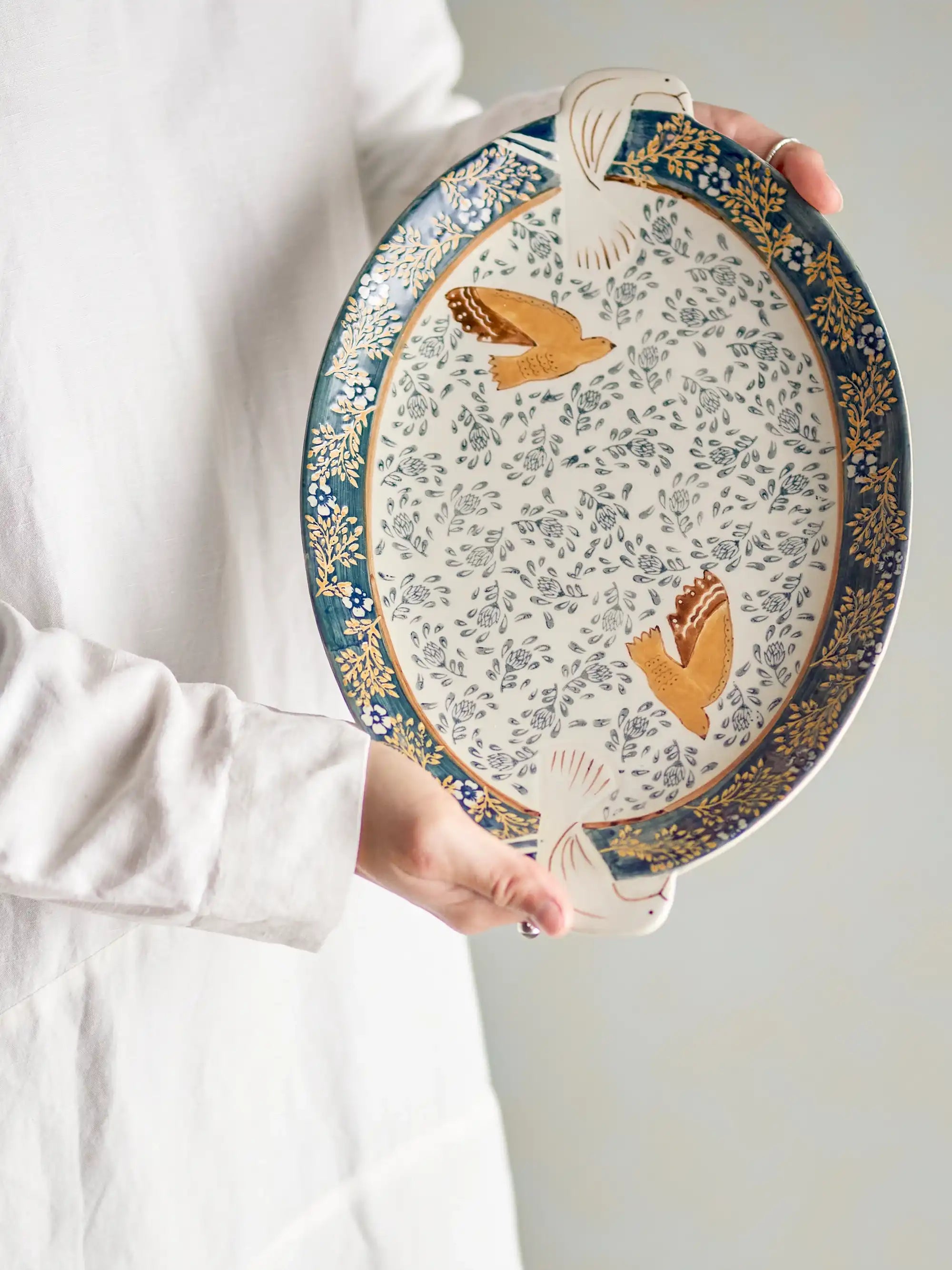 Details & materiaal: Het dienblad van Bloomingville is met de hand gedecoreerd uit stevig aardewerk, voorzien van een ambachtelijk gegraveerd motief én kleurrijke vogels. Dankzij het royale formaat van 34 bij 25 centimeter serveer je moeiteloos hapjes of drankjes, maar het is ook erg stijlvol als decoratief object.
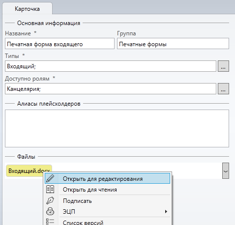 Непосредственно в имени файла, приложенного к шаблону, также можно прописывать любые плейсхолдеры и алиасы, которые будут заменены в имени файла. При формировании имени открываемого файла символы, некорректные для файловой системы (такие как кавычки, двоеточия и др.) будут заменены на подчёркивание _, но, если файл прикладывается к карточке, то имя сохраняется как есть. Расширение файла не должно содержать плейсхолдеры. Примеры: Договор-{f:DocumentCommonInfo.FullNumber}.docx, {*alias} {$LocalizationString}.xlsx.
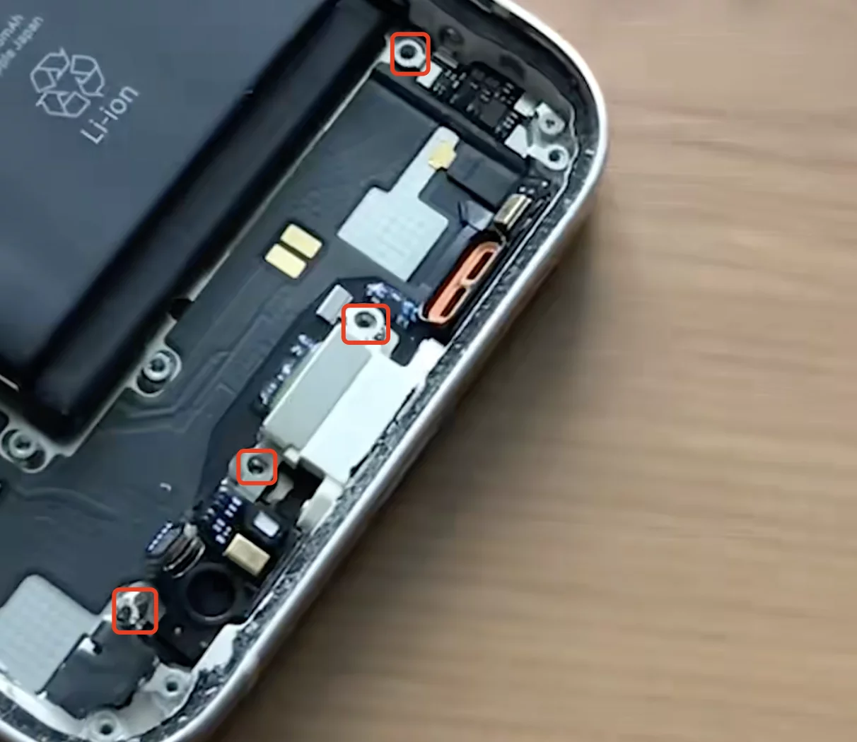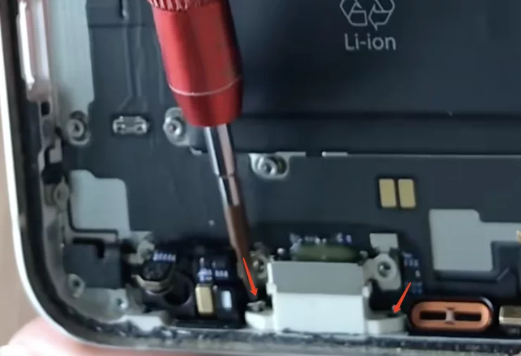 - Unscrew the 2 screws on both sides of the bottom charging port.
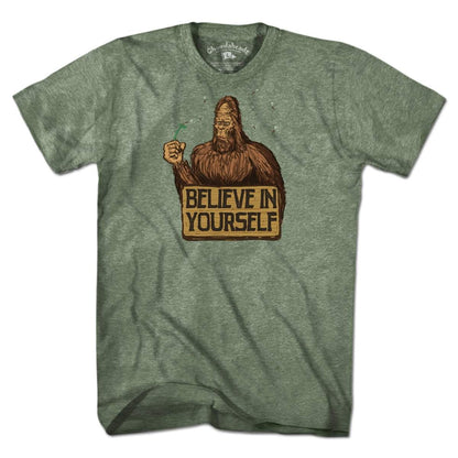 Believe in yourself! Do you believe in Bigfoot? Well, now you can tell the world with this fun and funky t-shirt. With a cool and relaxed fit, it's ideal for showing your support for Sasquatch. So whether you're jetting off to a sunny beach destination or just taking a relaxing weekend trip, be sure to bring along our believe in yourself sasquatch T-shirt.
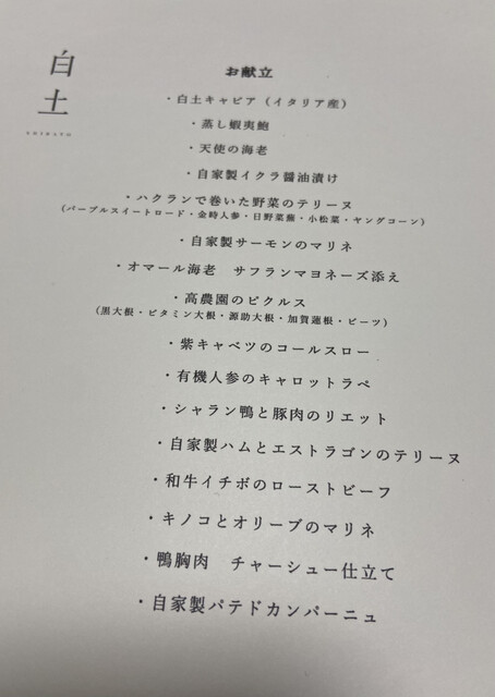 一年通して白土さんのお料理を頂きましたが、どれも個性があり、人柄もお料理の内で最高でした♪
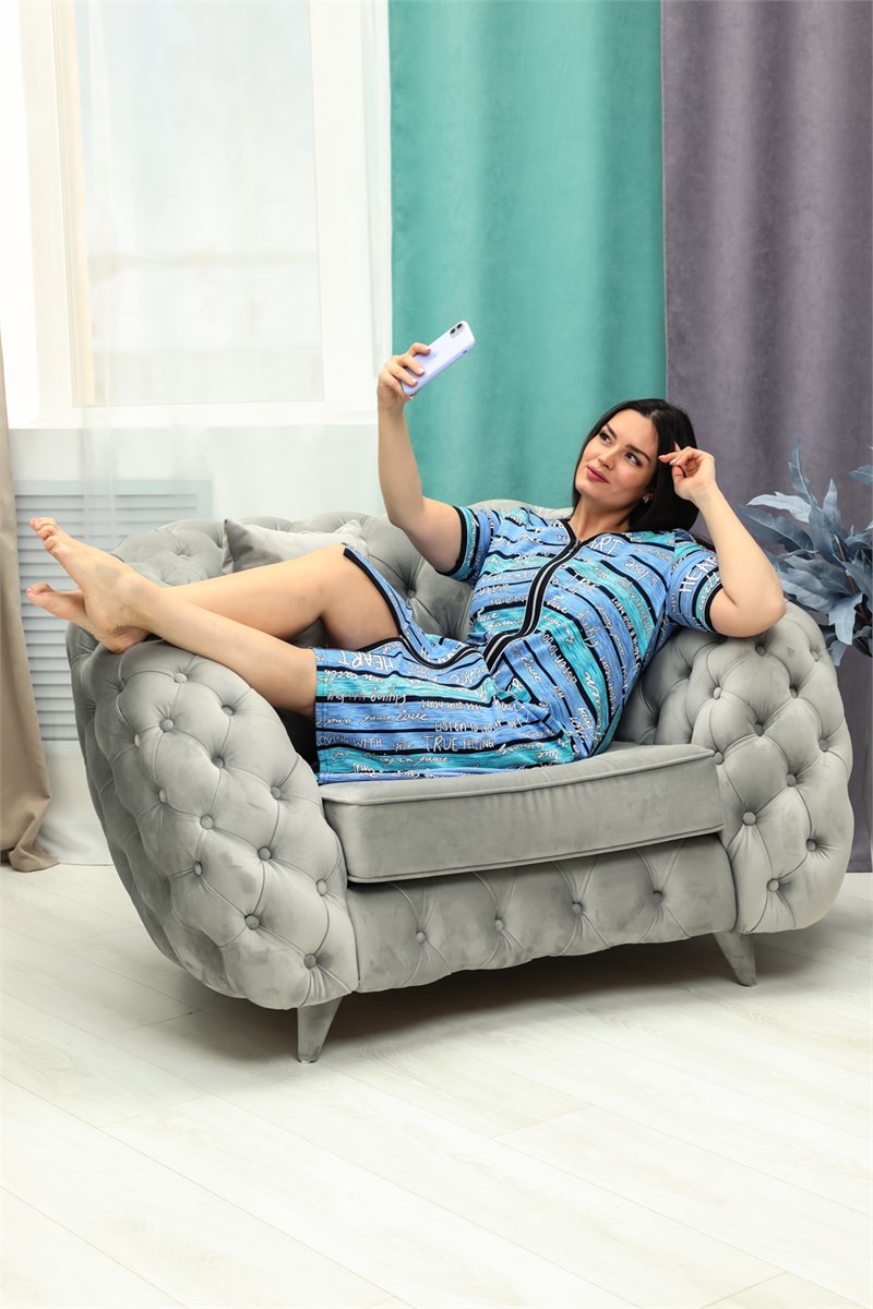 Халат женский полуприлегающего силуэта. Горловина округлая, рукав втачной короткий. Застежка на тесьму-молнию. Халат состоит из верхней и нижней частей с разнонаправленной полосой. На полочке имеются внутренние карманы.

> _WORK ITEM_
From the line that contains "一年通して白土さんのお料理を" to the end of the material above, output every line exactly, both ends included, but leave out any pictures.

> _SOLUTION_
 一年通して白土さんのお料理を頂きましたが、どれも個性があり、人柄もお料理の内で最高でした♪
 Халат женский полуприлегающего силуэта. Горловина округлая, рукав втачной короткий. Застежка на тесьму-молнию. Халат состоит из верхней и нижней частей с разнонаправленной полосой. На полочке имеются внутренние карманы.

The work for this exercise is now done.